During FUS treatment, there should be no RF coil in the field of the sonication. Thus, the default body coil needs to be used for treatment planning but could potentially be replaced after treatment. However, we found that the default body coil of the MR system provided sufficient image quality to characterize regional tissue changes (edema, viability) after treatment. Although switching from the default body coil to a phased array coil after FUS treatment provided better SNR, it did not improve lesion detection but was time-consuming and compromised image registration.

The rise in temperature was used to define the target and may not reflect the actual temperature in the target. Furthermore, PRF-based MRI temperature mapping is very sensitive to off-resonance effects near tissue interfaces such as between the bone and muscle and may thus be inconsistent and not reliable near the facet joint. Thus, calibration is usually done within the muscle tissue, and this might be a problem in patients with severe facet arthritis where it might be very difficult to find a homogenous muscle layer. However, since lethal cell damage occurs when temperatures >55 °C are maintained for longer than a second [33], accurate temperature measurements are crucial to monitor the treatment and to evaluate treatment outcomes. Furthermore, post-sonication MRI could potentially be a helpful marker to identify necrotic areas where these high temperatures were met (see Fig. 8). These needs to be further investigated.

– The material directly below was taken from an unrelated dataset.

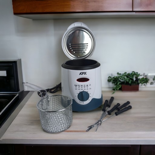 Prezentowany model frytkownicy ma kosz oraz misę, która może zmieścić 1 litr.

The ultimate goal of using MRgFUS for facet joint ablation is to produce lasting pain relief to the patient. Recently, Weeks et al. demonstrated the in vivo applicability of MRgFUS for facet joint palliation with relatively small energies (average 600 J) [17]. They reported no improvements in pain scores in 40 % of the patients most likely due to the low energies used. Very recently, another group from Europe presented preliminary results from a clinical study with 35 patients where they used sonication energies of up to 2300 J [34]. They reported no adverse events and 28 patients had a significant reduction in pain. These results suggest that there is a trade-off between safety and efficacy of MRgFUS and higher sonication energies might be more efficient. However, safety becomes increasingly a concern with higher energies, and clearly, more animal studies are warranted to investigate the optimal treatment strategy while ensuring patient safety.

Conclusions

In conclusion, we have evaluated several MRI pulse sequences for the assessment of FUS treatment and verified the findings with histology. We found that T2-FSE provides good image quality with positive contrast between the ablated lesion and surrounding tissues and could reduce the imaging cost and overall treatment time, as no contrast agent is needed and thus continuous FUS treatment would be possible. T1-FSE, with the aid of MR contrast media, delineated the borders of ablated lesions and provided evidence of vascular obstruction. Demonstration of perfusion deficit on first-pass perfusion imaging is challenging in the facet joints and needs further improvement. Microscopy revealed the cellular and vascular changes after ablation and provided direct evidence on the causes of hyperintensity on T2-FSE and hyperenhancement on DCE T1-FSE images. In summary, we have presented acute findings in the facet joint after FUS ablation. However, many changes on the tissue level need more time to manifest. Thus, the next important step of this research would be a longitudinal study to investigate changes over time.